Consequently, the President said his administration would pay serious attention to agriculture to ensure food security and nutritional safety for the country, whose population could reach 500 million people by 2050.
President Buhari, who made the assertion in a message to the National Wheat Farmers Field Day at Alkamawa, Bunkure local government area of Kano state, affirmed that Nigeria has capacity to attain resilient status in wheat production.
Represented by the Minister of Agriculture, Chief Audu Ogbe, the President, therefore, assured that government will continue to strive for excellence in attaining the much desired self sufficiency in wheat production within the shortest possible time.
The government, he added, would carefully examine the hurdles to the implementation of the National Wheat policy and check activities of unscrupulous people who engage in scuttling wheat production across the country.
President Buhari assured of support to farmers through the provision of seeds and other farm inputs, to boost local production, urging them to double efforts so as to achieve the desired results.
While assuring the farmers that the administration would ensure the right price for wheat, he appealed to millers to uptake every grain produced.

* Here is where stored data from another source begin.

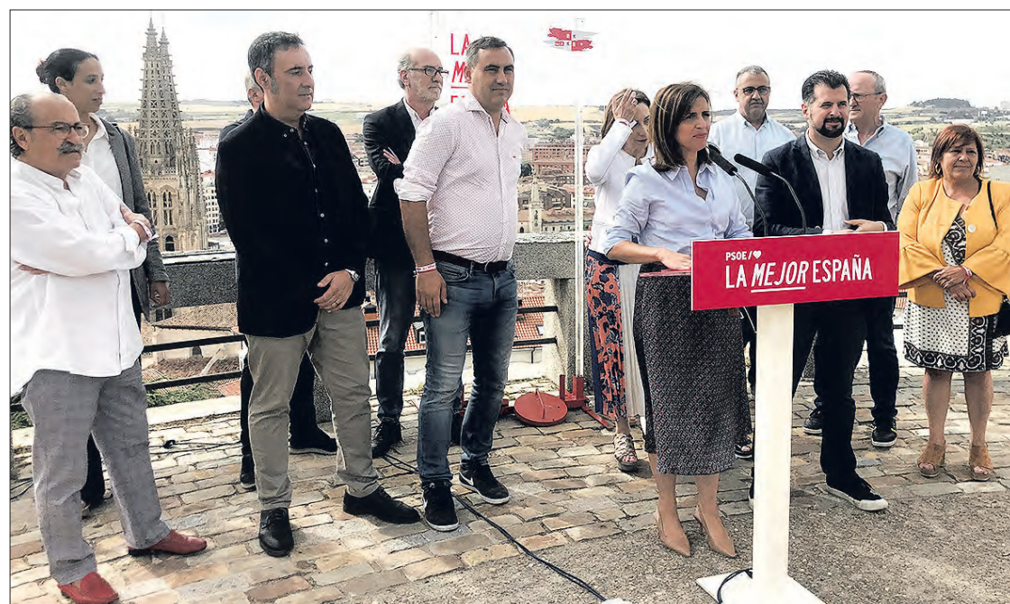
Presentación de los candidatos del PSOE por Burgos al Congreso y al Senado en las elecciones generales, el miércoles 5.

ña ilusionante". Una candidatura, dijo, que nace del consenso y que más allá de representar al PSOE "va a dar la cara" por todos los vecinos. Un equipo de burgaleses, prosiguió la secretaria provincial del PSOE de Burgos, "orgulloso de su tierra, comprometido con la provincia y con un proyecto bien trabajado". "Lo mejor que le puede pasar a España es que siga habiendo un gobierno socialista", sostuvo Peña. Comienza así una campaña con "ilusión y fuerza" y con unos "buenos datos" que avalan al PSOE. En este sentido,
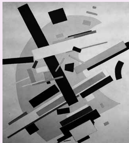
Kasimir Malevitch Suprématisme (1916)
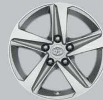
16" ezüst színű könnyűfém keréktárcsák
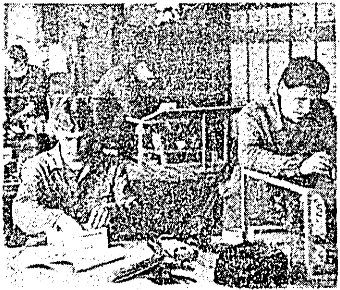
Întreprinderea de vagoane Arad. Aspect de muncă în atelierul tablourilor electrice pentru metrou.

această privință este și faptul că în primele patru luni ale anului, colectivul compartimentului creație a realizat 9 articole noi de țesături, cu 140 desene și 560 pozizii coloristice — și aceste noi articole de țesături asigurînd o valorificare superioară a materialelor prime.
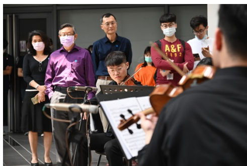
為慶祝校慶，清華在旺宏館1樓舉辦一場音樂快閃。
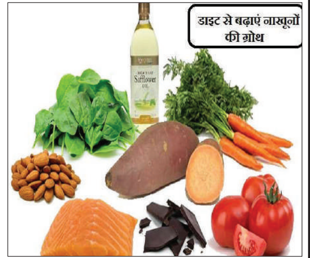
डाइट से बढ़ाएं बास्कुनों की ग्रोथ

गोलाव आरो समयना आसुगुरखौ साफ्रोम हिन्जावफोरानो मोजां मोनो। गोलाव आरो नेलपलिस फुन्नाय आसुगुरआ नायनो मोजां जानायजों लोगोसे नोंथांनि आखायफोरनि समयनाखौबो बांहोयो। माखासे सुबुंफोरनि आसुगुरआ जेसे लुबैयो एसेनो लावयो, नाथाय माखासे सुबुंफोरनि हिन्जावफोरनि आसुगुरआ क्चिचनआव खामानि मावनायावनो बायो। आसुगुर बायनायनि बयनिखुइ देरसिन जाहोना देहायाव जाना-लौनायनि बाडाइ जानाय। आसुगुरफोरखौ समयना आरो हेल्दीया लाखिनो थाखाय पालारनि अनगायै देहानो लावहोनो हानाय गुन आरो प्रटिनजों बुंफबनाय जाग्रा आदारनि गोनांथि जायो। जुदि नोंथांनि आसुगुरआ बायोब्ला नोंथांनि बयनिबो सिगाडव गावनि डाइटआव साबम्रानाय लाबोगो।
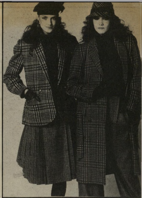
1983 חליפת ז'אן-לואי שרר, מצמר משובץ, אופנתית גם לחורף '85 - ז'קט בלייזר; חצאית-קמלים; מעיל ארוך ומכנסי-פאנסים.
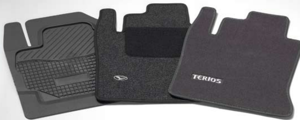
Fußmattensatz Gummi 4-teilig Artikel-Nr. 58500-83215-110
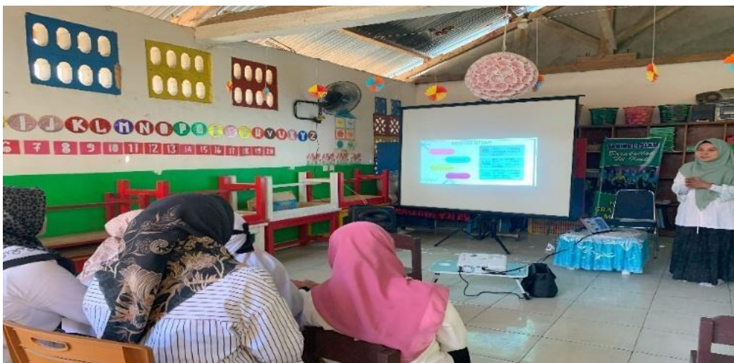
Gambar 1. Pemaparan materi oleh narasumber
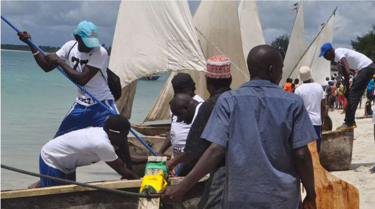
Kiga Bay Dar 2017
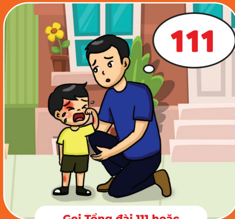
Gọi Tổng đài 111 hoặc báo cho người em tin tưởng
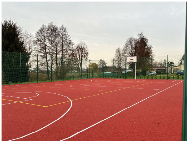
Boisko sportowe przy szkole
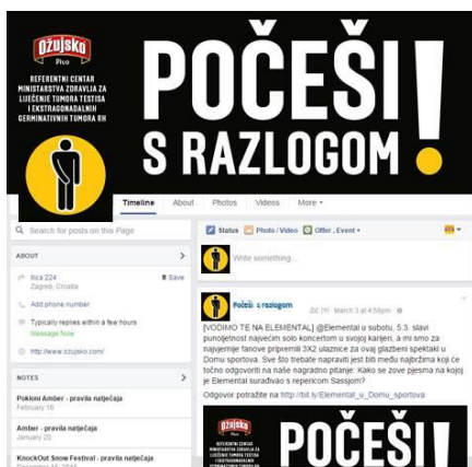
Slika 3.9. Facebook stranica kampanje „Počeši s razlogom!“
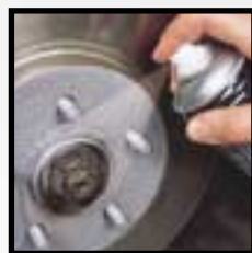
Loctite® 8150 Loctite® 8151 aerosol Loctite® 8060 stříbrná tyčinka

Pasta proti zadření na bázi mědi pro šrouby, matice, trubky, výměníky tepla apod. Typická použití: šrouby na výfukovém potrubí a na třmenech kotoučových brzd.
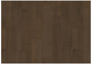
Cocoa Bean 2-Stab
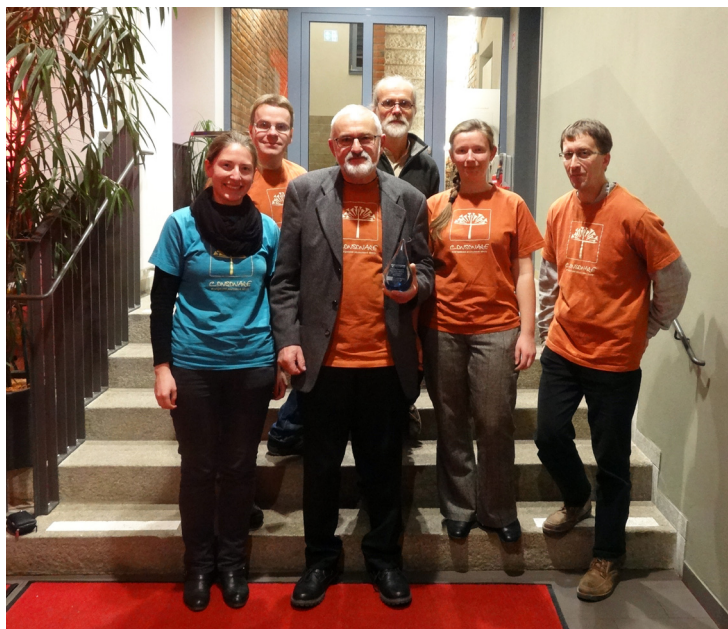
Ze slavnosti v Budyšíně (prosinec 2017)
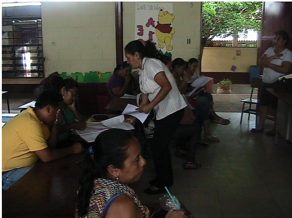
DOCENTES DEL ESTABLECIMIENTO RESPONDIENDO EL CUESTIONARIO ELABORADO PARA DETECTAR CARENCIAS EN LA INSTITUCIÓN.
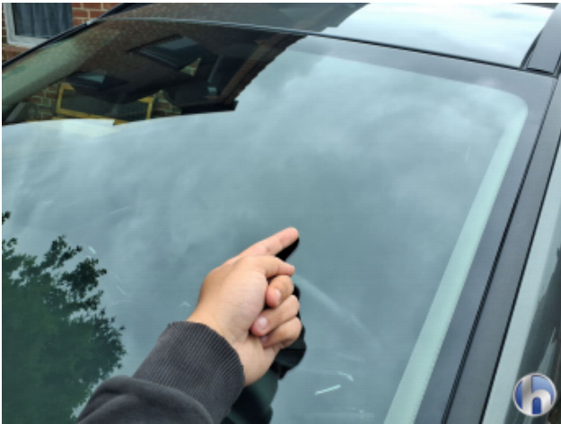
1. Windschutzscheibe Gebrauchsspuren - Ohne Reparatur
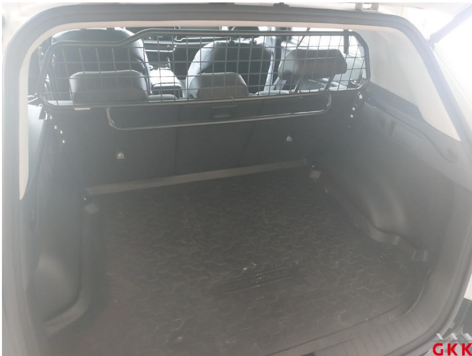
Bild 13. Laderaum, Abdeckung, fehlt, ersetzen
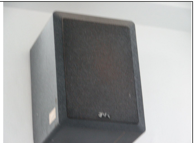
喇叭 2 個
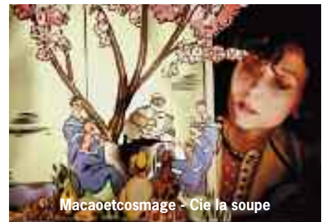
Macaoetcosmage - Cie la soupe
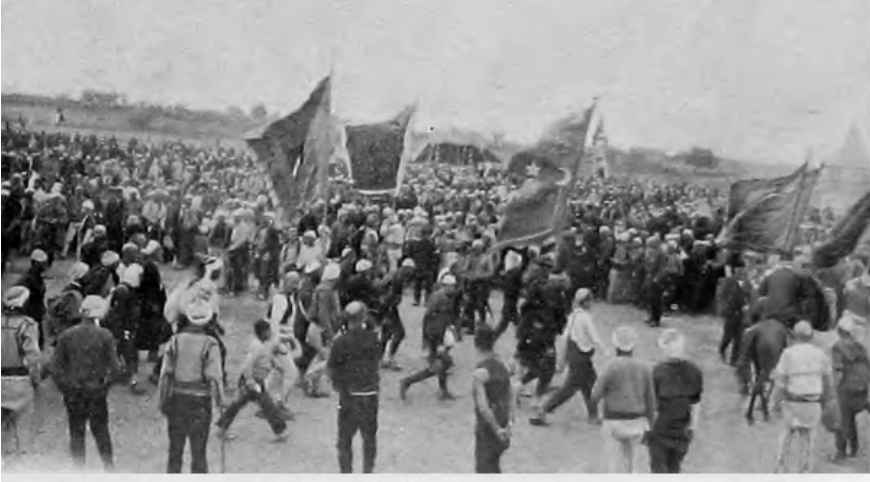
خليقة اسلام ايله برابر اداي صلات ايتك اوزره فوج، فوج شهيد مبارکه کلان ارن اوود قارداش لر مزدن برقي
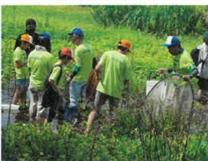
水辺にはどんな生きものがあるかな
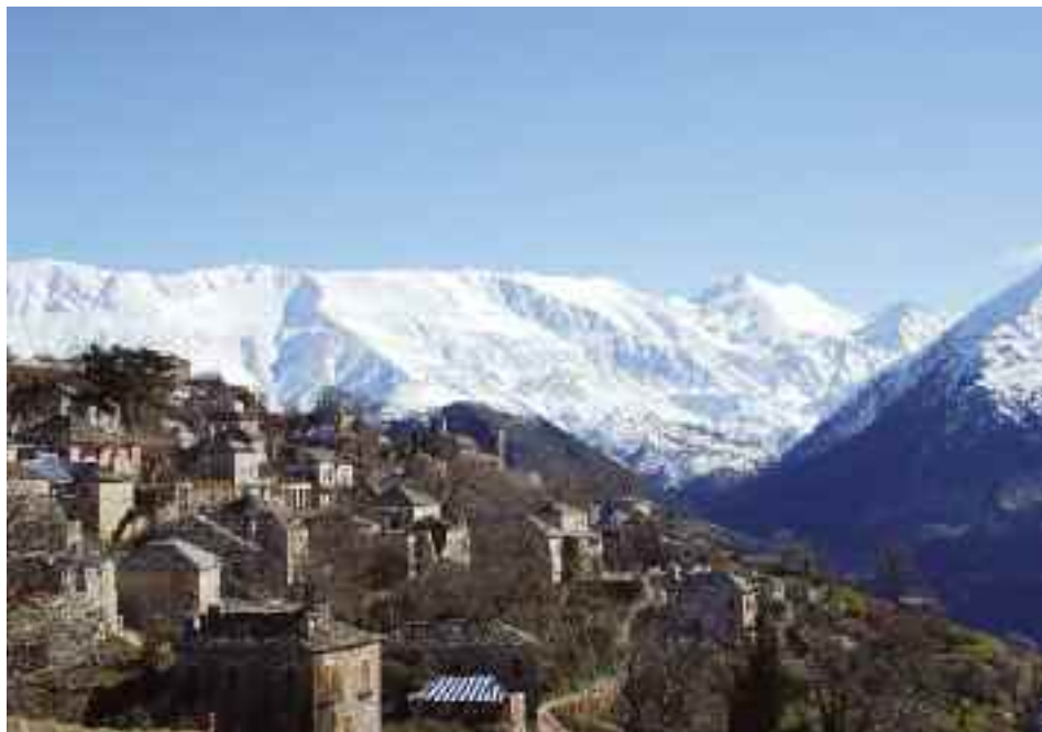
Μερική άποψη Καλαρρυτών
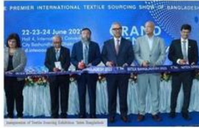
Inauguration of Textile Sourcing Exhibition 'Intex Bangladesh'
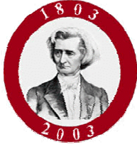
Hector BERLIOZ 1803 - 1869
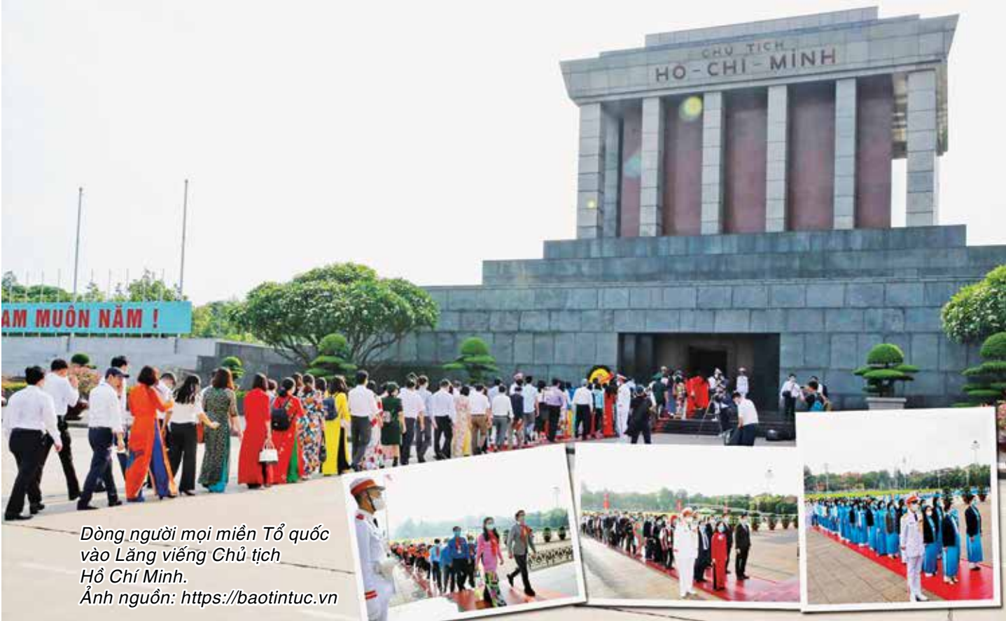
Dòng người mọi miền Tổ quốc vào Lăng viếng Chủ tịch Hồ Chí Minh.

He also restated determination to import grass seeds, until they can be produced by local research institutes, to develop fodder for cattle, so as avert recurrent farmers/herdsmen clashes and to stabilize the Fulani family, “because they do not have to live in the bush with their children not going to school”.
President Buhari applauded Kano state government for taking the lead in investing in wheat production and providing grazing reserves for herdsmen, urging other states to emulate the worthy example.
On his part, Kano state governor, Dr. Abdullahi Umar Ganduje announced that his government recently purchased and distributed 5, 000 irrigation water pumps free to peasant farmers across the state as part of efforts to revitalize wheat and rice production.
The state government, he added, also drilled 1,000 tubewells across rice and wheat producing communities, under a programme tagged “Drive Away Dry Season”, adding that the state has high potentials for food sufficiency and export.
“The state’s agricultural policy provides necessary impetus aimed at facilitating increased agricultural output and employment generation to the teeming populace under the newly introduced concept of developing commercial agriculture”, Governor Ganduje maintained.
In his speech, the Executive Directors, Lake Chad Research Institute and Team Leader, Wheat Value Chin, Dr. Oluwasina G. Olabanji, said the institute would consolidate research on improved seeds to be provided to farmers to encourage them to participate fully in the production of rice and wheat.
Also speaking, the governor of Kebbi state, Sen. Abubakar A. Bagudu expressed appreciation to the Federal government for placing greater priority on agricultural development as an integral part of national security stressed the need for attention to be paid to the provision of quality seeds to farmers for the sake of agricultural growth.
The chairman Senate Committee on Agriculture, Senator Abdullahi Adamu, appealed to the Federal government to provide adequate incentives to wheat farmers, assuring that the Senate would not relent in putting in place enabling legislation that improve agriculture in the country.